#### Extracted material ####

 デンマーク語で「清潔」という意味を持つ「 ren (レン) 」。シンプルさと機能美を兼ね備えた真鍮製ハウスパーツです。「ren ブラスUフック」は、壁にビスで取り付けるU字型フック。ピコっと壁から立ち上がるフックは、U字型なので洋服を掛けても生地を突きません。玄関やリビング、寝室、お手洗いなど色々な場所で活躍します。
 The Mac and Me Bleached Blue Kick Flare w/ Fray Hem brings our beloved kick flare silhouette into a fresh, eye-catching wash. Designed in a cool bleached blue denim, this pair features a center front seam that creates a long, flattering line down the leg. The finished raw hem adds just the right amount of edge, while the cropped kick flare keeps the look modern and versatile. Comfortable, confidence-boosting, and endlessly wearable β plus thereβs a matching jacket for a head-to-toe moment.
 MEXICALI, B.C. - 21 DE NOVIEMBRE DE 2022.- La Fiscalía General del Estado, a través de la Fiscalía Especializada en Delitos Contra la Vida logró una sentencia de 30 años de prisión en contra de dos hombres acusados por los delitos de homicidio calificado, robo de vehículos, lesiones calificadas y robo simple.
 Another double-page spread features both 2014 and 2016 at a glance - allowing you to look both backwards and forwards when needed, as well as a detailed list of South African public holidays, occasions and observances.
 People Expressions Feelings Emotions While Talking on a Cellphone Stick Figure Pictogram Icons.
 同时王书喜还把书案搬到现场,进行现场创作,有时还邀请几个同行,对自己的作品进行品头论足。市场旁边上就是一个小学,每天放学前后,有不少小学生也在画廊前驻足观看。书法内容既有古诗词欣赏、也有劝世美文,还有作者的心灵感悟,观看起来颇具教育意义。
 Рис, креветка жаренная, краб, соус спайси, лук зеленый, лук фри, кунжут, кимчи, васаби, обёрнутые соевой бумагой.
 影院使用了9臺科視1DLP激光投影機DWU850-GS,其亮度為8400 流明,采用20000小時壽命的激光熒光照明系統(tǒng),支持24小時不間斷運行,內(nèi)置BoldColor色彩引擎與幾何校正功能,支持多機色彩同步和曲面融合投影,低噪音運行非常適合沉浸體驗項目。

####

§ **Aim of the task**:
Without skipping a line, print the listing once more exactly.

§ **Response to the task**:
 デンマーク語で「清潔」という意味を持つ「 ren (レン) 」。シンプルさと機能美を兼ね備えた真鍮製ハウスパーツです。「ren ブラスUフック」は、壁にビスで取り付けるU字型フック。ピコっと壁から立ち上がるフックは、U字型なので洋服を掛けても生地を突きません。玄関やリビング、寝室、お手洗いなど色々な場所で活躍します。
 The Mac and Me Bleached Blue Kick Flare w/ Fray Hem brings our beloved kick flare silhouette into a fresh, eye-catching wash. Designed in a cool bleached blue denim, this pair features a center front seam that creates a long, flattering line down the leg. The finished raw hem adds just the right amount of edge, while the cropped kick flare keeps the look modern and versatile. Comfortable, confidence-boosting, and endlessly wearable β plus thereβs a matching jacket for a head-to-toe moment.
 MEXICALI, B.C. - 21 DE NOVIEMBRE DE 2022.- La Fiscalía General del Estado, a través de la Fiscalía Especializada en Delitos Contra la Vida logró una sentencia de 30 años de prisión en contra de dos hombres acusados por los delitos de homicidio calificado, robo de vehículos, lesiones calificadas y robo simple.
 Another double-page spread features both 2014 and 2016 at a glance - allowing you to look both backwards and forwards when needed, as well as a detailed list of South African public holidays, occasions and observances.
 People Expressions Feelings Emotions While Talking on a Cellphone Stick Figure Pictogram Icons.
 同时王书喜还把书案搬到现场,进行现场创作,有时还邀请几个同行,对自己的作品进行品头论足。市场旁边上就是一个小学,每天放学前后,有不少小学生也在画廊前驻足观看。书法内容既有古诗词欣赏、也有劝世美文,还有作者的心灵感悟,观看起来颇具教育意义。
 Рис, креветка жаренная, краб, соус спайси, лук зеленый, лук фри, кунжут, кимчи, васаби, обёрнутые соевой бумагой.
 影院使用了9臺科視1DLP激光投影機DWU850-GS,其亮度為8400 流明,采用20000小時壽命的激光熒光照明系統(tǒng),支持24小時不間斷運行,內(nèi)置BoldColor色彩引擎與幾何校正功能,支持多機色彩同步和曲面融合投影,低噪音運行非常適合沉浸體驗項目。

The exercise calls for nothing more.